EasonXiao-888 / GrootVL

The official implementation of GrootVL: Tree Topology is All You Need in State Space Model
57 stars 2 forks source link

CUDA kernel launch failed: an illegal memory access was encountered #6

Open Sycamorers opened 2 months ago

Sycamorers commented 2 months ago

Hello,

Thanks for your amazing work!

I was trying to implement the tree_scanning for some other tasks. However, I was encountering some CUDA issues that I could not solve. In the paper, you mentioned that you used 8 GPUs for training all the work, but I'm currently using only one 4090 that has 24 GB memory (I've also tried with another machine that has two GPUs, one 3090 and one 4090, it didn't work either). I'm not sure if this module, by default, consumes a lot of memory (but intuitively, it should not). CUDA kernel launch failed: an illegal memory access was encountered RuntimeError: CUDA error: an illegal memory access was encountered Compile with TORCH_USE_CUDA_DSA to enable device-side assertions.

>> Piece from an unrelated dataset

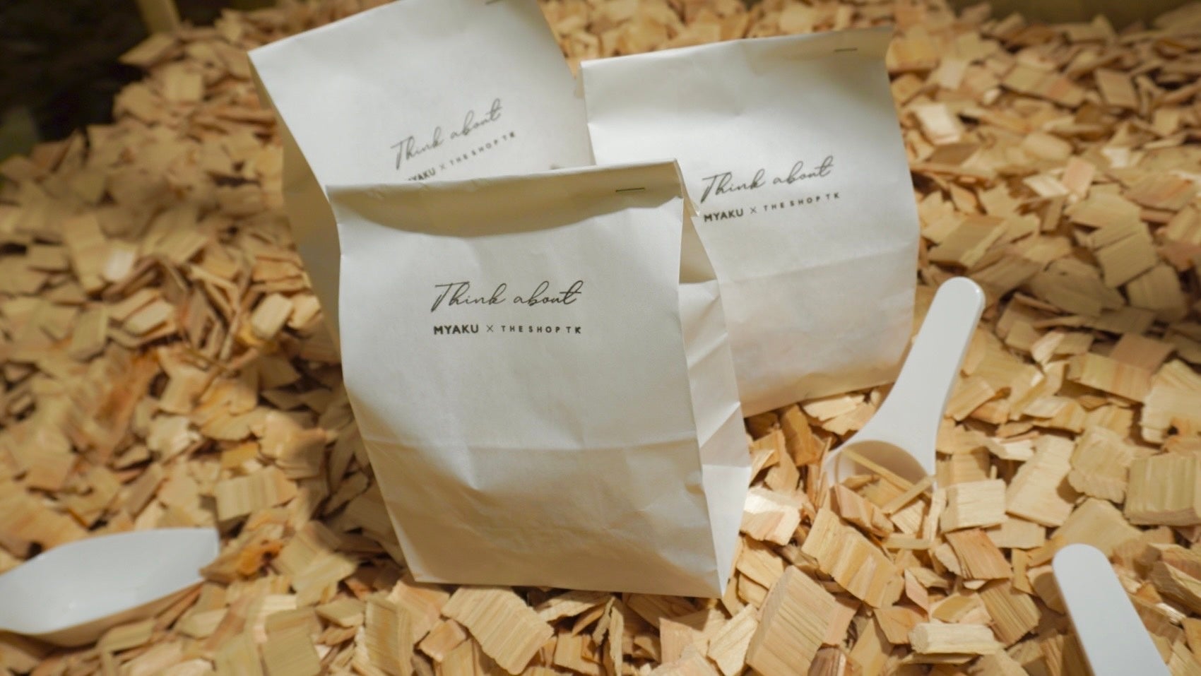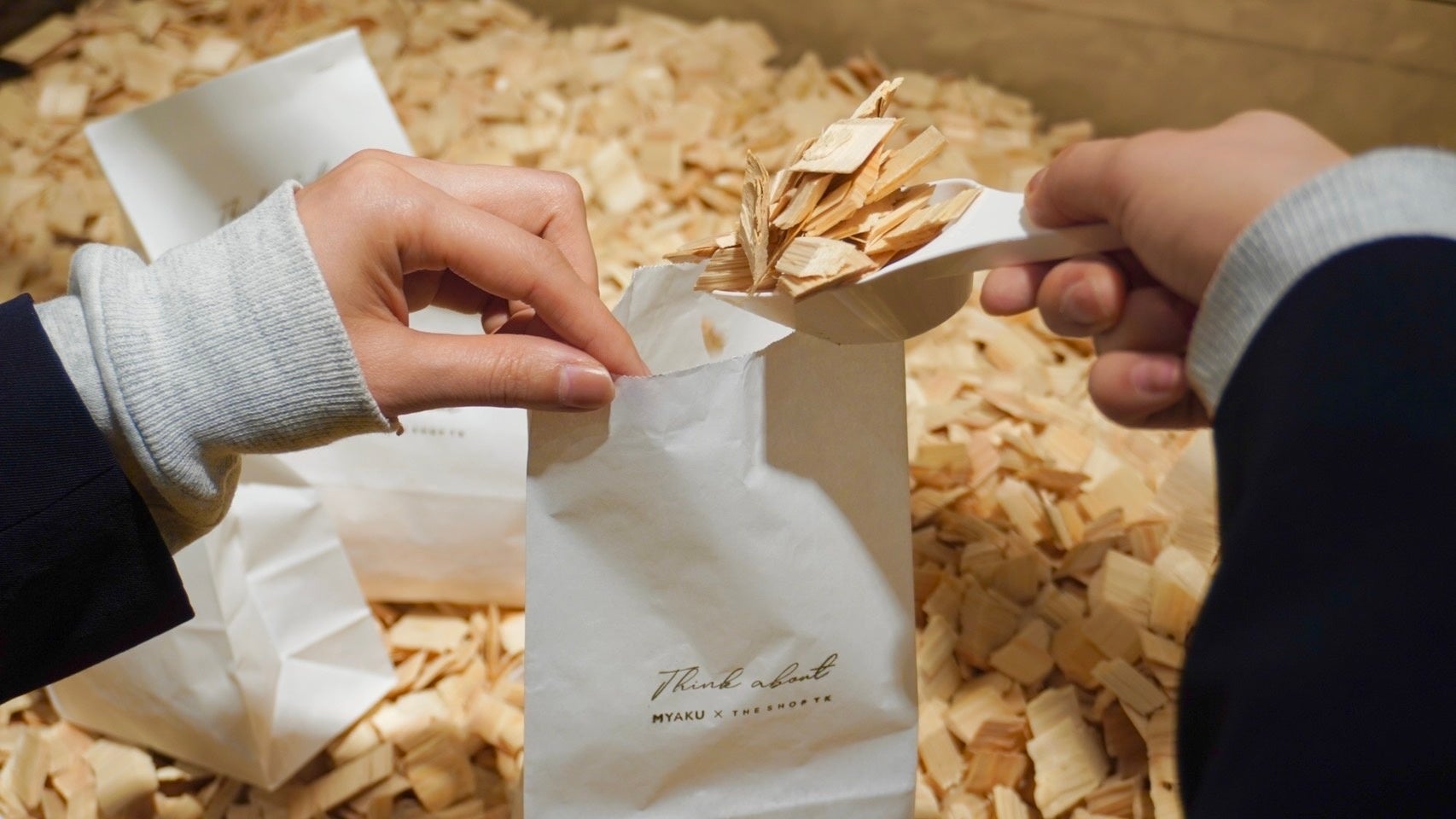 サステナブルブランドMYAKU(ミャク)を展開する株式会社myaku(代表取締役:山本万優、本社:神奈川県横浜市)は、ワールドグループの株式会社アルカスインターナショナルが展開するファッションブランド「THE SHOP TK(ザ ショップ ティーケー)」とコラボし、4/18(金)オープンの三井ショッピングパーク ららぽーと安城店で、「ひのき香るチップ」をご来店の皆様に無料配布致します。

I was using cuda12.1 + torch 2.3 and I also tested cuda11.8 + torch 2.3, neither worked.

I would really appreciate it if you have any ideas about what might be wrong and provide some hints or solutions! Thanks in advance!

EasonXiao-888 commented 2 months ago

@Sycamorers Thanks for your interest !!! In general, this error indicates that the model or input data may not be placed on the same GPU. By the way, you can test whether the tree scanning algorithm setting is successful by referring to the code demo following:

import torch

from classification.models.grootv import GrootV

model = GrootV(
        num_classes=10,
        channels=80,
        depths=[2, 2, 9, 2],
        layer_scale=None,
        post_norm=False,
        mlp_ratio=4.0,
        with_cp=False,
        drop_path_rate=0.1,
        ).cuda()

x = torch.rand(8, 3, 64, 64).cuda()

x = model(x)
Sycamorers commented 2 months ago

@Sycamorers Thanks for your interest !!! In general, this error indicates that the model or input data may not be placed on the same GPU. By the way, you can test whether the tree scanning algorithm setting is successful by referring to the code demo following:

import torch

from classification.models.grootv import GrootV

model = GrootV(
        num_classes=10,
        channels=80,
        depths=[2, 2, 9, 2],
        layer_scale=None,
        post_norm=False,
        mlp_ratio=4.0,
        with_cp=False,
        drop_path_rate=0.1,
        ).cuda()

x = torch.rand(8, 3, 64, 64).cuda()

x = model(x)

Thanks a lot for your prompt response! This actually worked perfectly! I will probably need to go back to my pipeline to see what is wrong! I really appreciate your help!